Now we can find out BC which is CD(square) - DB(square) after calculations so BC is 5*sqrt(5) /2

• Area total is ABOD + BOC which is 10*5 + 1/2*5*5/2 which is around 65.25
• * Area of the Trapezoid = Sum of the area of 2 right triangles

* For right triangles whose legs has the ratio of 1:2, Area = (shorter leg)² or Area = (longer leg/2)². Therefore, the area of the smaller triangle is equal to 25cm².

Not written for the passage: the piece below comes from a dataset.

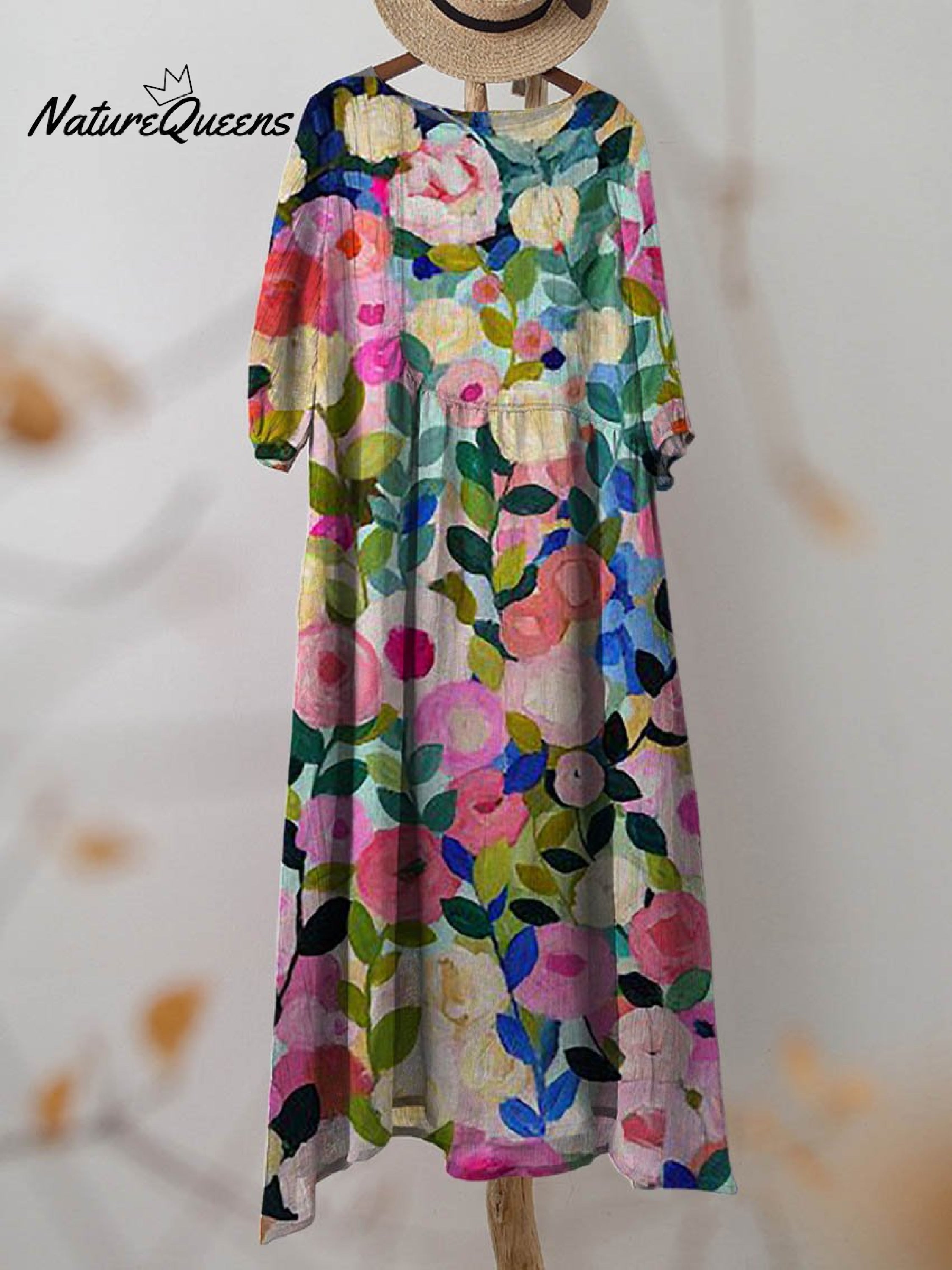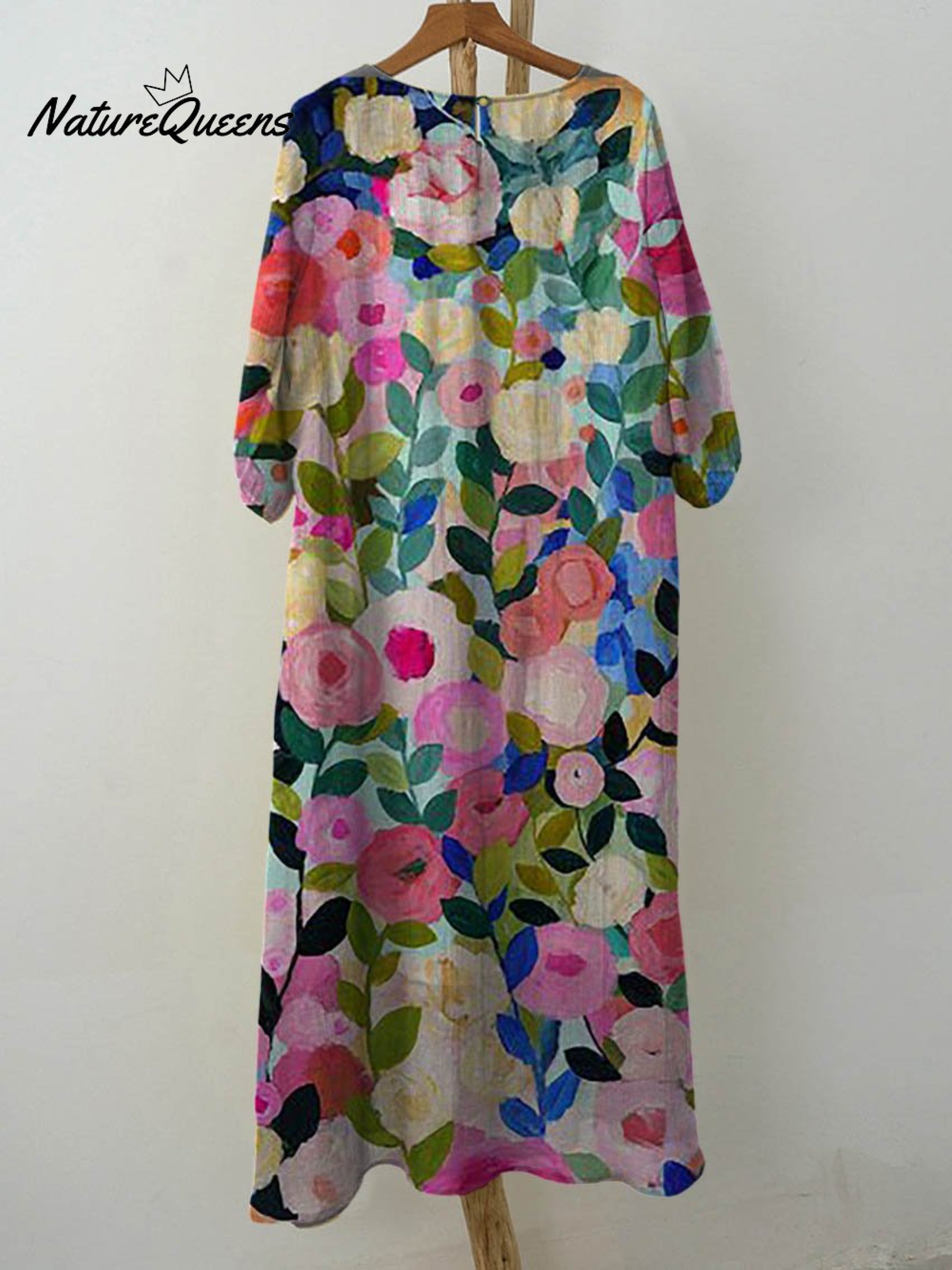 Colorful Spring Floral Garden Printed Women's Pocket Cotton Dress

Area (small triangle) = bh/2 = (5*10)/2 = 25cm² or,

A = (shorter leg)² = 5² = 25cm².

* Since the 2 triangles are similar, the ratio of the legs of the larger triangle is also 1:2. We will first get the hypothenuse of the smaller circle by Pythagorean theorem.

c = √(5² + 10²) = 5√5cm

* Area (large triangle) = (c/2)² = (5√5/2)² = 31.25cm²

* Therefore, the area of the trapezoid = 25cm² + 31.25cm² = 56.25cm².

• It is 56.25 cm^2.

If one draws a vertical line from B to DC (parallel to AD) and calls the intersection point E on DC, BE would be 5cm.

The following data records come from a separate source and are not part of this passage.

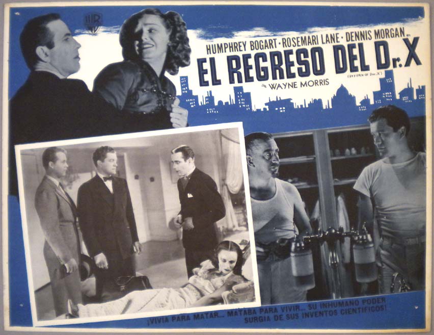 Great Mexican jumbo lobby card (12.5x16.25") from the 1939 Warner Brothers sci-fi / horror film, THE RETURN OF DR, which starred Wayne Morris, Rosemary Lane, Humphrey Bogart, Dennis Morgan, John Litel, Lya Lys and Huntz Hall. Who knew that Humphrey actually played a zombie!!! $45 |
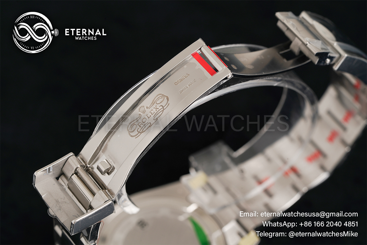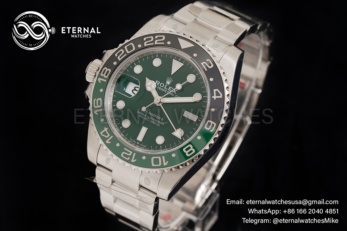 MOVEMENT:Asian Super Clone DD3285 Automatic GMT Movement, Correct Hand Stack CASE DIAMETER:40mm THICKNESS:12mm DIAL COLOR:Green Dial with Round Markers (Correct Hand Stack) - Superlume Applied CASE MATERIAL:Solid 904L Stainless Steel (Rehaut at 6:00 has random serial like Genuine) BRACELET:Solid 904L Stainless Steel Oyster Bracelet with Updated Rolesor Clasp FRONT GLASS:Sapphire Crystal with etched crown at 6:00 position (With light AR on Cyclops like Genuine) CASE BACK:Solid case back BEZEL:Black/Green Ceramic Bezel CLASP TYPE:Rolesor Clasp DATE INDICATOR:At 3:00 (Adjusted via crown)
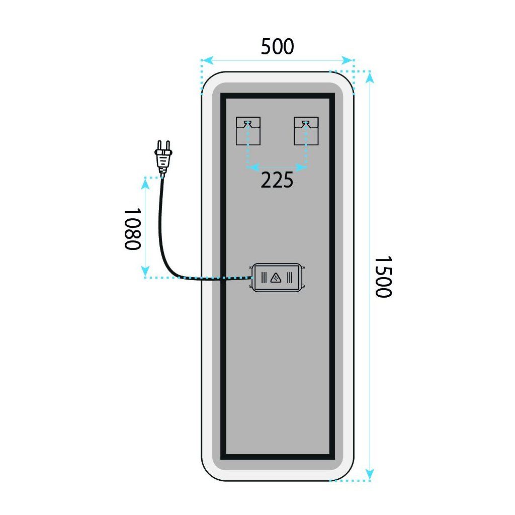 Napájení je řešeno kabelem se zástrčkou do standardní síťové zásuvky – bez nutnosti zasahovat do domácí elektroinstalace nebo připravovat samostatný elektrický obvod. Pro zrcadlo v předsíni, šatníku nebo ložnici, kde pevná elektrická přípojka u stěny nemusí být, je to velkou praktickou výhodou.
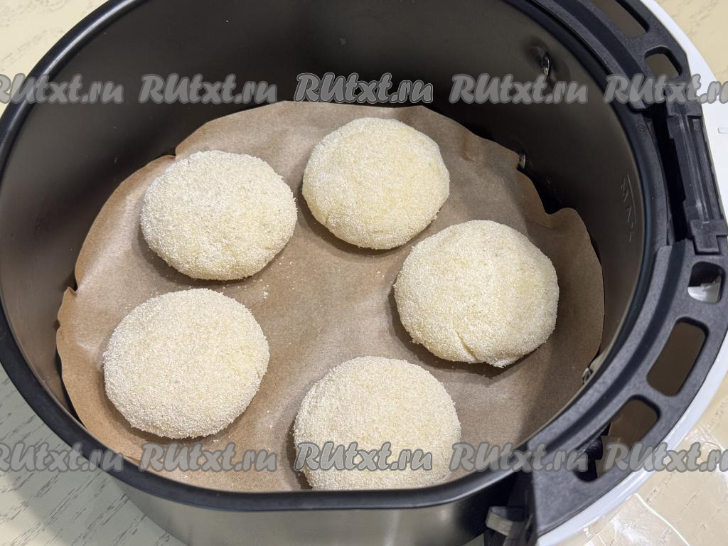 Дно чаши аэрогриля выстелить пергаментом, выложить сформированные картофельные котлеты.
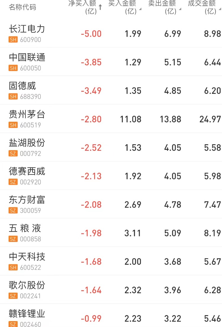 今日北上资金净卖出长江电力 $600900.SH 5亿元,中国联通 $600050.SH 遭净卖出3.85亿元。
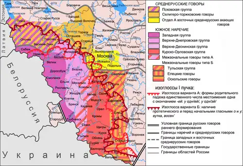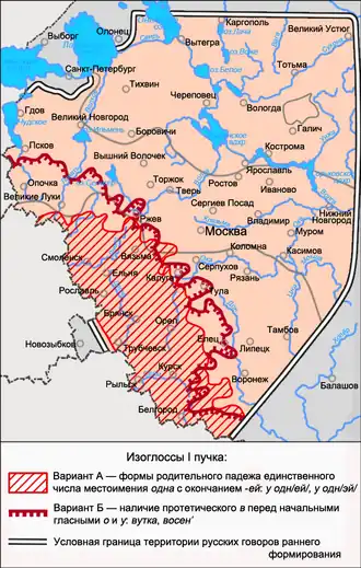 Изоглоссы варианта Б в сравнении с изоглоссами варианта А продвигаются севернее и охватывают территорию западных среднерусских акающих говоров (главным образом Псковской группы), а изоглоссы варианта А остаются в пределах южного наречия[18].
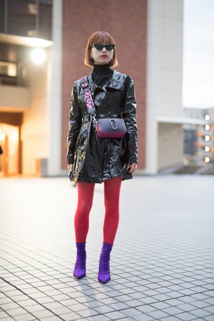 Алые колготкиТакие образы стали лидерами на токийской неделе моды сезона осень-зима 2021/2022. Японские модницы переосмыслили стилизацию изысканных платьев с помощью игривых сумок и ярких колготок - нескучный весенний образ во всей красе.
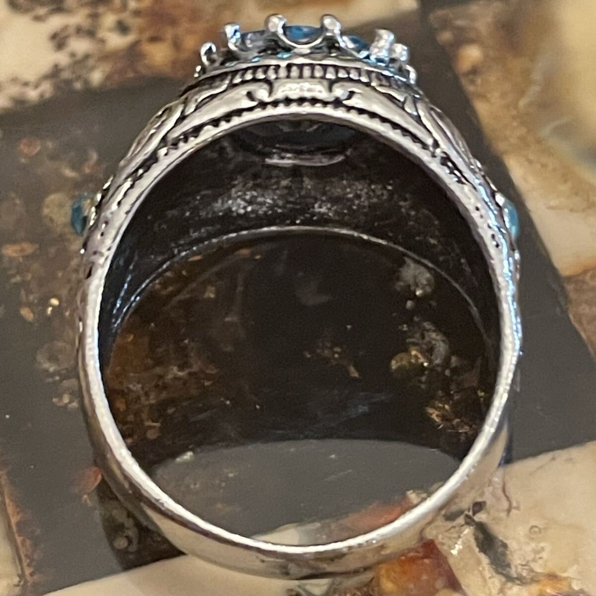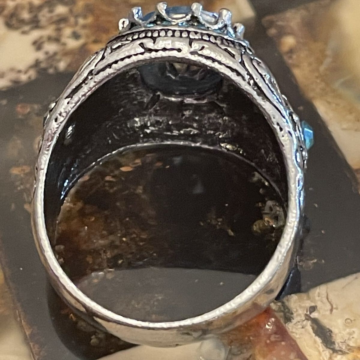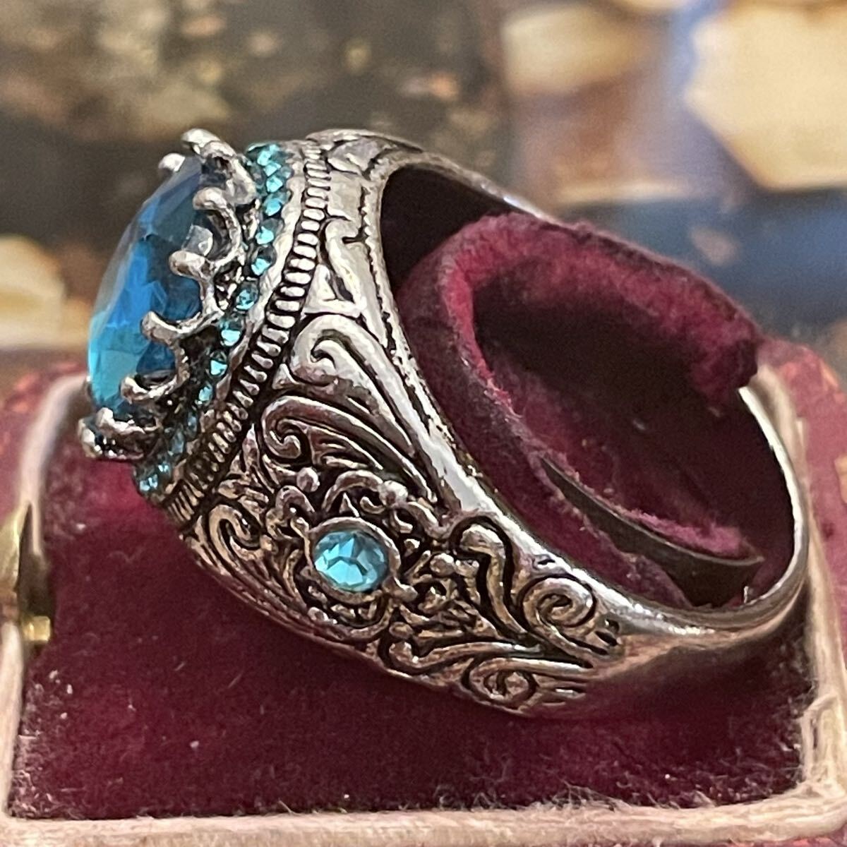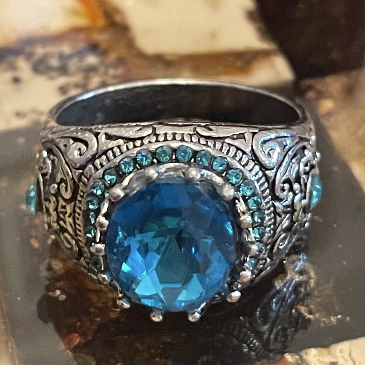英国 イギリス ヴィンテージ ブルートパーズ風 青 水色 指輪 リング 26号 派手 推し活 推し色 青担当 銀色 シルバー LIVE参戦 演劇 小道具 コスプレ ビンテージ アンティーク

Acc to geometricmean theorem (known as Oeklid rules too)  BE^2 = DE * CE and DE=10cm (same length and parallel to AB )

--> CE=2.5cm

Then the trapezoidal area (AB+CD)*AD/2 = (10+12.5)*5/2 = 56.25 cm^2

• Two angles having their sides perpendicular are equal if both are less than 90 degree or both are greater than 90 degrees.
So the two triangles are proportiannal, so we can write that the ration of their diagonal = their ratio of their longer side:
D.C / B.D     =  B.D / A.B
from which we deduce, given the know values :  10* D.C  = 125,   or  D.C  =12.5
The average length of the trapezoid  is thus  11.25
The area of trapezoid is thus  5 * 11.25  = 56.25

• Area of triangle ADB equals:  0.5x5x10 = 25 sq.cm

Length of common side DB equals:  sqrt(25+100) = 11.18 cm

Angle BDC equals:  90 – arctan(10/5) = 26.565 deg

Length of BC equals:  tan(26.565)x11.18 = 5.59 cm

Area of triangle BDC equals:  0.5x5.59x11.18 = 31.248 sq.cm

Area of trapezoid ABCD equals:  25+31.248 = 56.248 sq.cm

• I got ~55,59 cm^2

Edit: I used the same strategy as retiredEE but rounded differently

• Thanks Martin for your prompt reply. But you just made a little typo when you sum 50cm² to 6.25cm². It should be 56.25 cm² and not 65.25cm²....

Anyhow, congratulations!

• Bingo Gaetano, you get it, congratulations!